For many years, the mention of summer brought to my mind images of my kids spending far too long in their jammies.
I can picture them still holding onto the coziness of their sleep with untamed bedheads and quiet play in their rooms.
A new day meant a new opportunity to linger at an undiscovered park or pool, and endless places to picnic. On the days that got long, I arranged play with friends or age-appropriate outings. There was always a week of two of specialty camps thrown in to break up their summer, too.
Where did playtime go?
The organic nature of summers past has become stiff with sports schedules and practices for my teen and tween. I no longer dictate the framework of our summer months.
I’m not sure they notice it, but as I write this, I feel as though I’ve lost a bit of their childhood somewhere along the way. As I guide them through these middle years, I want to teach them how to carry the playtime of youth into their adult years, too.
It isn’t easy with academic pressures. We’ve all heard the statistics about students losing a portion of what they learned — known as the dreaded “summer slide” — during their three months off for summer vacation.
And on top of that — with the number of years remaining for my son until college now numbered on a single hand — summer school and college-test preparation might be unavoidable realities, too.
So I’m trying to incorporate inventive ways to keep my kids’ skills sharp without sacrificing their precious summer down time.
Some classes require summer reading for high school. I encourage my kids to get away from the couch and find a place outdoors to do that same work.
Though I may get an eye roll or two when I mention this idea, I believe such mandatory summer reading should surely feel more like relaxing while lying in a hammock or floating in a kayak.
SAT / ACT pressures
There’s also the threat of pre-SAT/ACT testing lurking around the corner. I hear of a lot of parents spending loads of time and money shuffling their kids around to focus on it in the summer months. While there are great local businesses that offer test-prep courses, I’ve discovered some online opportunities I’m hoping will keep us from spending more time running around in the car.
Khan Academy (khanacademy.org) is a FREE online resource that offers virtual learning options, including brushing up on various skills, plus college-test prep work “created in partnership with the authors of the test themselves,” said Elizabeth Slavitt, a representative with the nonprofit program for all ages.
Embracing a hobby
While my tween daughter still finds joy perfecting her back flips on the trampoline, my older son has forsaken that pastime for the delight he finds in hours of video games playing. The notion and intrigue of “play” seems immature to him.

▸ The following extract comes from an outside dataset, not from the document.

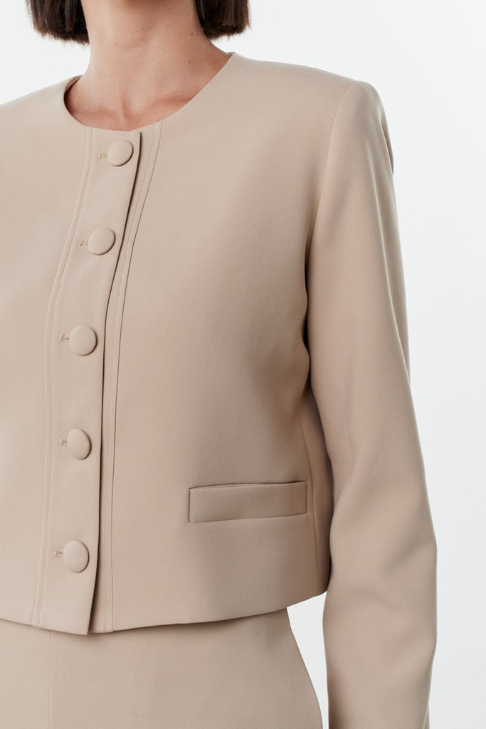 Bolso frontal avivado e fechamento frontal por botões forrados do mesmo tecido.

Fortunately, alongside of their sports, they both love for music. While they’ve both had years of music lessons, they find the most joy in writing their own songs or downloading songs they can teach themselves. Hearing my downstairs come alive with all the noise of music and creativity gives me hope that kind of play isn’t going away anytime soon.

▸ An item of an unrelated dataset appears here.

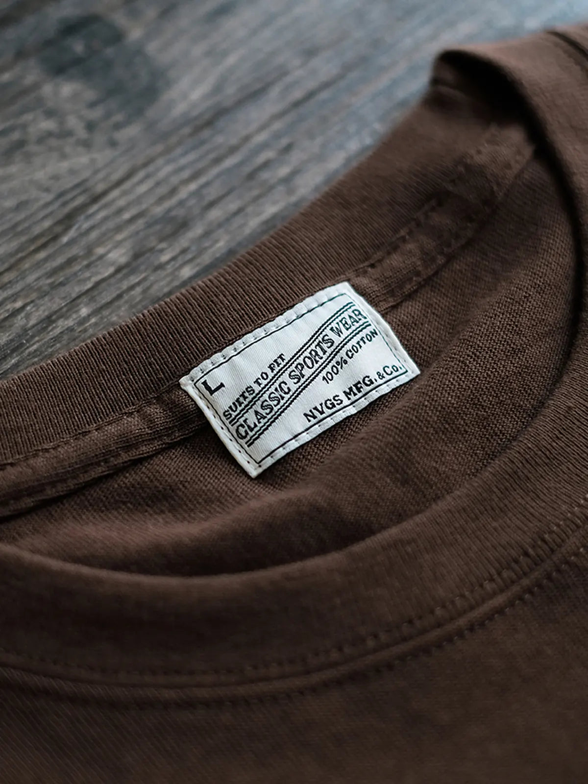 1980年代フランス製丸胴Tを復刻した、泥土色の240gヘビーウェイトで裾に和柄パッチをあしらった一枚。

My tween is increasingly replacing play with socializing. For my teen, meanwhile, socializing is play.
They do play — it just looks a little different.
I’ve realized that, for them, summer days with busy sports schedules aren’t rat races, they’re a celebration of playtime teen/tween style, complete with stops for frozen yogurt on the way home.
They’re finding their summers — not grown up exactly, but not childish either.
I see the peace on their faces after they’ve spent an hour resting and reading in the sun. I hear the music of their hearts sing out in my home. And I think, OK, I may not be setting the schedule, but I see summer all around me.
And then I sigh, and all of a sudden it seems more like summer.
Time to go grab the bug spray and play.